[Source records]
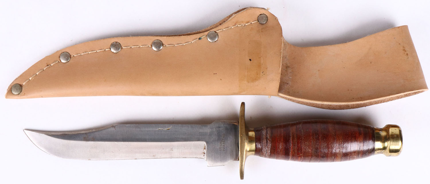 Unmarked fixed blade knife, wood handle, leather sheath, 6'' blade, age soiling. Grade: Very Good - Value: 10 to 60
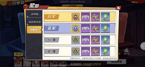 奖励分为个人奖励与组织奖励两类。组织奖励方面,海选赛阶段可获取卓越增幅碎片以及专属道具碎片箱(内含疫苗人和背心尊者的超绝道具碎片);决赛阶段的奖励则以徽章和典藏底座为主。个人奖励需由玩家在每日22:00之后自行领取,该奖励不会通过邮箱发送,主要包含精致底座等物品。需要注意的是,若个人物资累计达到200,可额外开启一次奖励;个人物资通过每次进攻获取,胜利时可得40物资,失败时可得20物资。
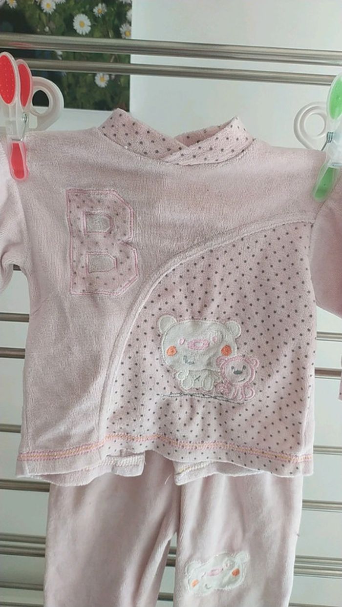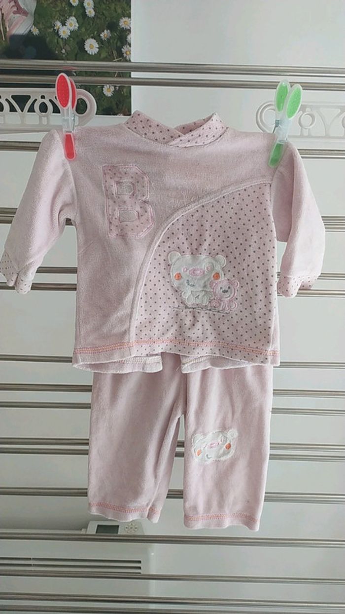 Bonjour Je vends ce pyjama 2 pièces pour bébé fille Taille 3 mois Bon état Petit haut qui s attaché dans le dos Et son pantalon assorti Profitez je fais une remise a partir de 2 articles achetés qui sera effectué lors du paiement
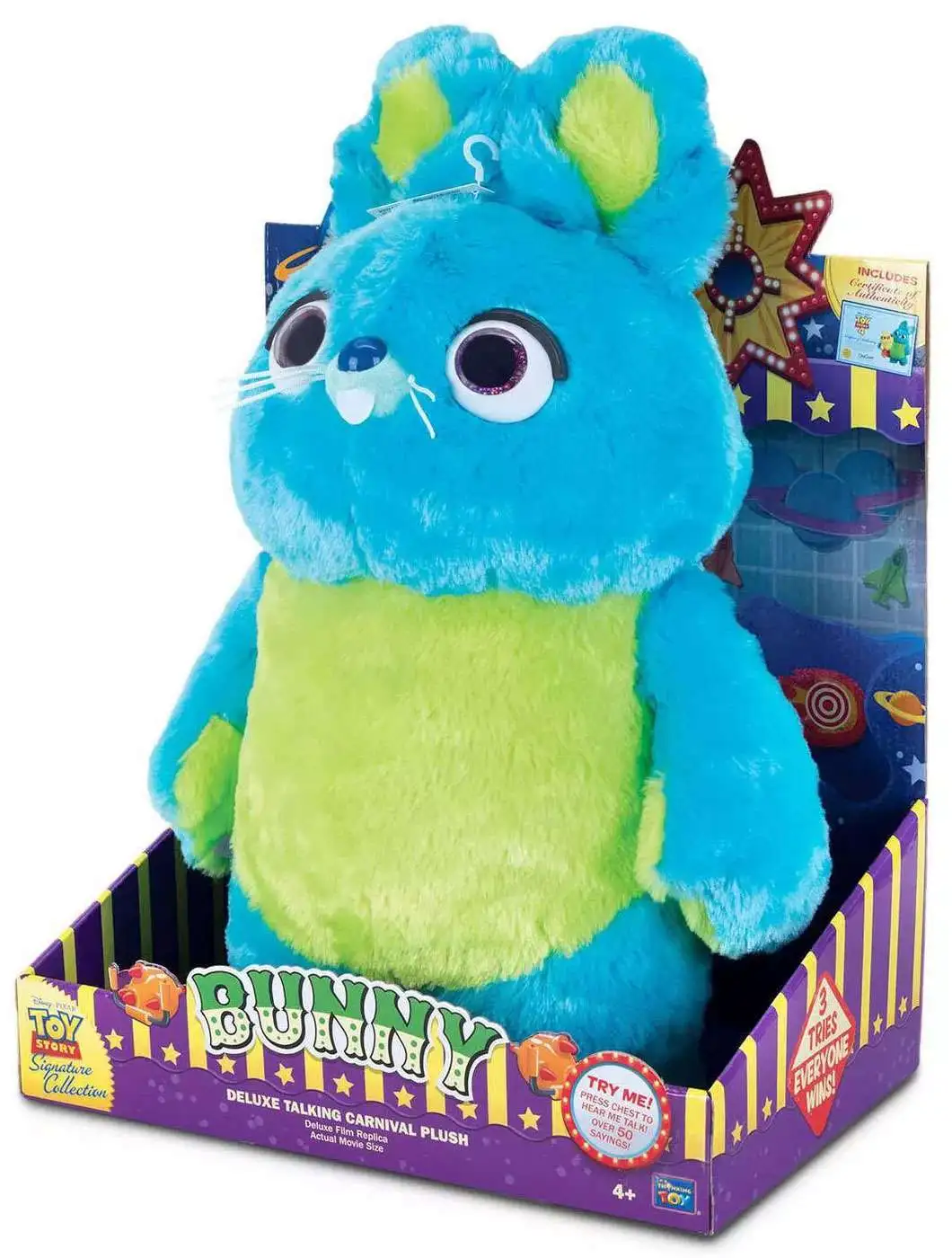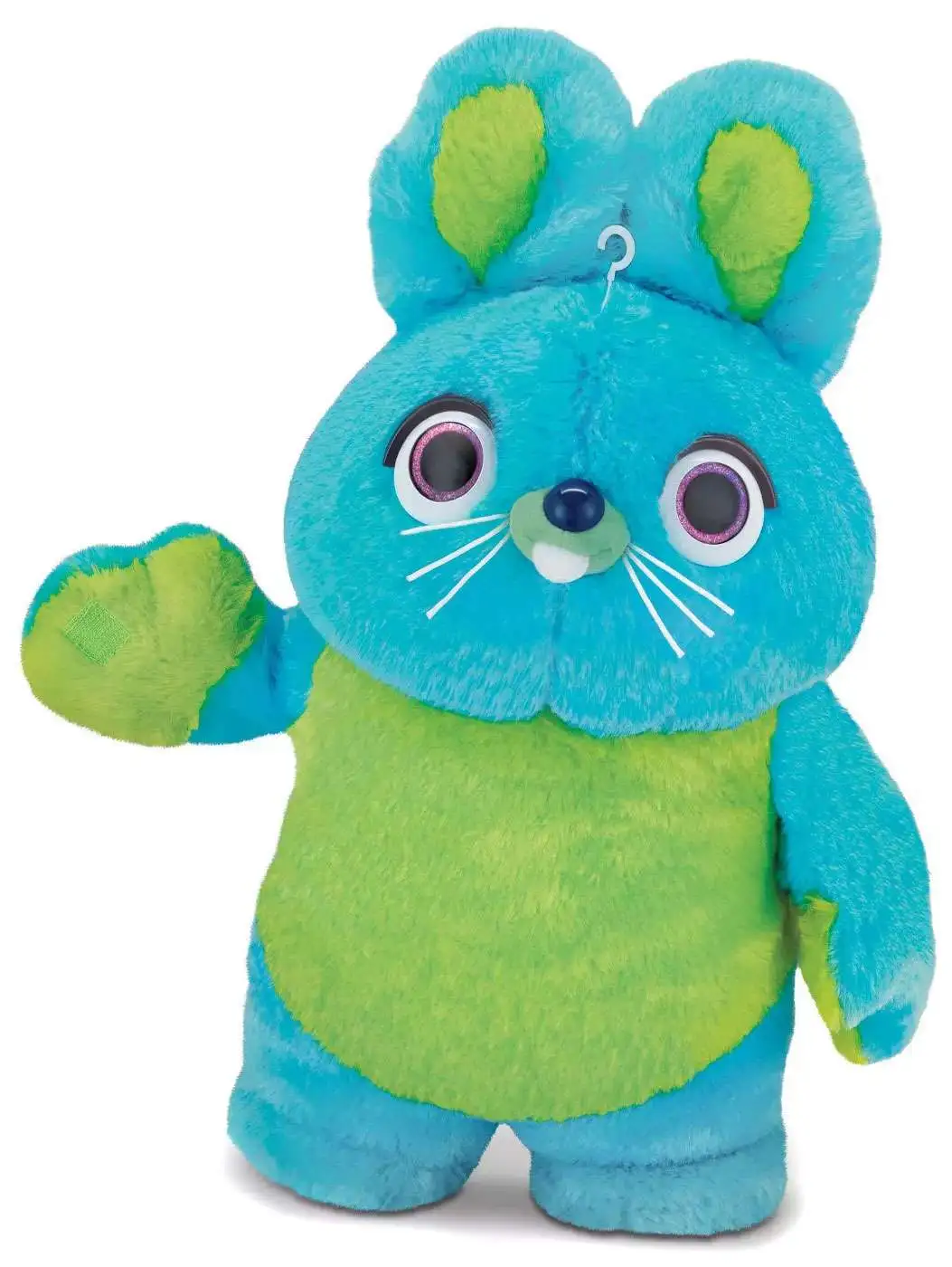 Woody’s journey in Toy Story 4 includes a visit to a carnival where he meets Ducky and Bunny, two carnival prizes who are eager to be won. But when their plans are rudely interrupted by Woody and his friends, they find themselves on an unexpected adventure with a group of toys who have no idea what it feels like to be tacked to a prize wall. Press chest button to activate voice. Has fastner on his paw so he can hold Ducky’s wing tip (Ducky sold separately).
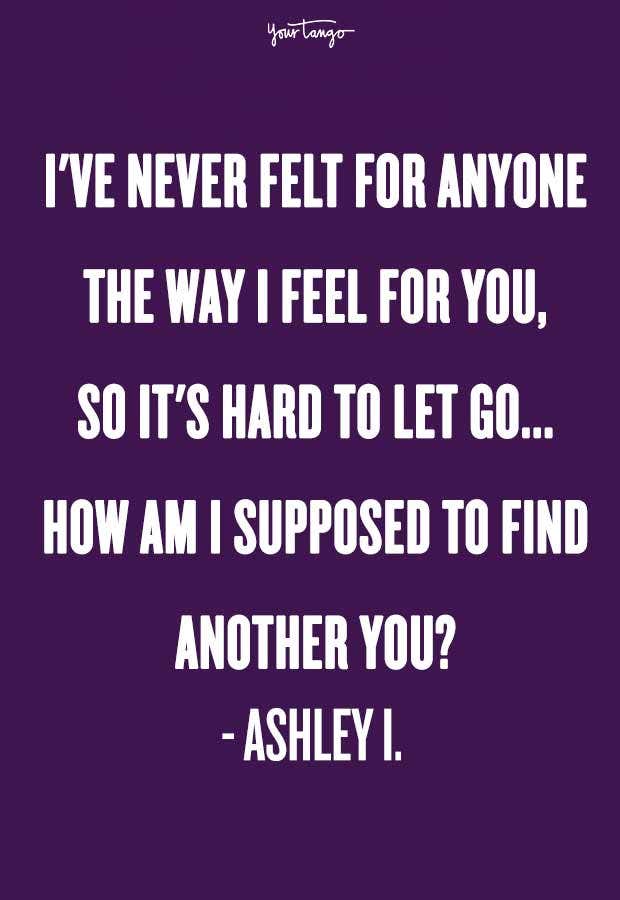 "I've never felt for anyone the way I feel for you, so it's hard to let go... How am I supposed to find another you?" — Ashley I.

ASSIGNED TASK =>
The answer must be an exact copy of the entries, with the pictures omitted.

PROBLEM SOLUTION =>
 Unmarked fixed blade knife, wood handle, leather sheath, 6'' blade, age soiling. Grade: Very Good - Value: 10 to 60
 奖励分为个人奖励与组织奖励两类。组织奖励方面,海选赛阶段可获取卓越增幅碎片以及专属道具碎片箱(内含疫苗人和背心尊者的超绝道具碎片);决赛阶段的奖励则以徽章和典藏底座为主。个人奖励需由玩家在每日22:00之后自行领取,该奖励不会通过邮箱发送,主要包含精致底座等物品。需要注意的是,若个人物资累计达到200,可额外开启一次奖励;个人物资通过每次进攻获取,胜利时可得40物资,失败时可得20物资。
 Bonjour Je vends ce pyjama 2 pièces pour bébé fille Taille 3 mois Bon état Petit haut qui s attaché dans le dos Et son pantalon assorti Profitez je fais une remise a partir de 2 articles achetés qui sera effectué lors du paiement
 Woody’s journey in Toy Story 4 includes a visit to a carnival where he meets Ducky and Bunny, two carnival prizes who are eager to be won. But when their plans are rudely interrupted by Woody and his friends, they find themselves on an unexpected adventure with a group of toys who have no idea what it feels like to be tacked to a prize wall. Press chest button to activate voice. Has fastner on his paw so he can hold Ducky’s wing tip (Ducky sold separately).
 "I've never felt for anyone the way I feel for you, so it's hard to let go... How am I supposed to find another you?" — Ashley I.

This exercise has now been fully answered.